AMD AIMS FOR FOUR-CORE OPTERONS BY 2007

Page 2 - Seeking answers? Join the Tom's Hardware community: where nearly two million members share solutions and discuss the latest tech.
If the cache is negated on bothe chips, the itanic is huge.
1 itanic has more transistors than a couple of dual core opterons. That's huge.

Well, the Itanium's core has 20 million transistors, while the Opteron has 40 million. If you look at the pure logic core by subtracting the L1 cache then the Itanium now has 18 million transistors while the Opteron has 32 million. So you see, if the cache is negated the Itanium is not huge. In fact the 2 Opterons can fit in Itanium's core not the other way around. Now to worry though, inversing numbers is a rather common mistake when you're only concentrating on attacking something.

You nicely avoided the issue of legacy support, which is where a lot of itanic's advantage comes from.

Exactly. This goes back to the various paths for the future of technology that I was trying to deal with. Maximum performance can be achieved through a complete break with current technology.
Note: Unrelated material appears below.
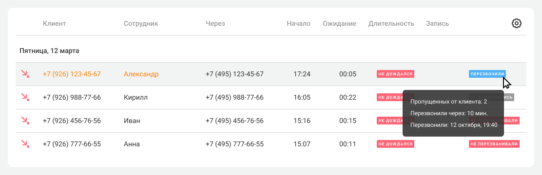 Для руководителя важно понимать, как менеджеры работают с пропущенными звонками – с какого раза удалось перезвонить или клиент так и остался без ответа.

Now I'm not saying that Itanium achieves maximum performance, I'm just saying thats a possible efficient choice. I myself don't support Itanium, not because the technology isn't good, but because without good compatibility or some sort of transitional mechanism it isn't beneficial from a consumer perspective. Other options include continuing to push superscalar technology, and multi-threading which is the current path that has been choosen.

How is it that conroe can add execution units, while the K series cant?
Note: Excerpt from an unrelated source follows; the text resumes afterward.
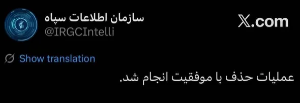سازمان اطلاعات سپاه در نوشته ای در شبکه اجتماعی ایکس از یک عملیات حذف موفقیت آمیز خبر داد.

I'm not saying that the K series can't add more. In fact it doesn't need to as it already has 3 full FPUs and 3 full ALUs. I'm just saying that Conroe have at least 2 full FPUs and 3 full ALUs which is an improvement over the Pentium 4, and a large improvement over the Pentium M which only had 2 ALUs, 1 FPU and 1 vector unit.

Even though the K series can add more execution units, its unlikely that they will. At 6 execution units, (9 including the memory stores, etc.) the K8 already has more than enough for most circumstances. Adding more would just use up die space and increase heat for little benefit.

You dont understand HT, or schedulers, so come back when you do.

"To the end user, it appears as if the processor is "running" more than one program at the same time, and indeed, there actually are multiple programs loaded into memory. But the CPU can execute only one of these programs at a time. The OS maintains the illusion of concurrency by rapidly switching between running programs at a fixed interval, called a time slice. The time slice has to be small enough that the user doesn't notice any degradation in the usability and performance of the running programs, and it has to be large enough that each program has a sufficient amount of CPU time in which to get useful work done."

http://arstechnica.com/articles/paedia/cpu/hyperthreading.ars

That is what I understand a scheduler to do, to decide which processor a thread is sent and to decide how much processing time a thread gets. A scheduler doesn't really order the threads as the processor executes out-of-order anyways.

"Hyper-Threading works by duplicating certain sections of the processor—those that store the architectural state—but not duplicating the main execution resources. This allows a Hyper-Threading equipped processor to pretend to be two "logical" processors to the host operating system, allowing the operating system to schedule two threads or processes simultaneously."

http://en.wikipedia.org/wiki/Hyperthreading

That is an accurate summary of what HT is. The Arstechnica site above seems particulary good in its breakdown of SMP, SMT, and HT.

Based on those understandings, what I've said appears to be logical. Now if I or those websites am so incorrect, feel free to correct me. Where in my analysis of HT potential in Conre am I wrong? How can a OS based scheduler make up for hardware based HT support? I'm not unreasonable, you just need to be a little bit more descriptive than "come back when you do."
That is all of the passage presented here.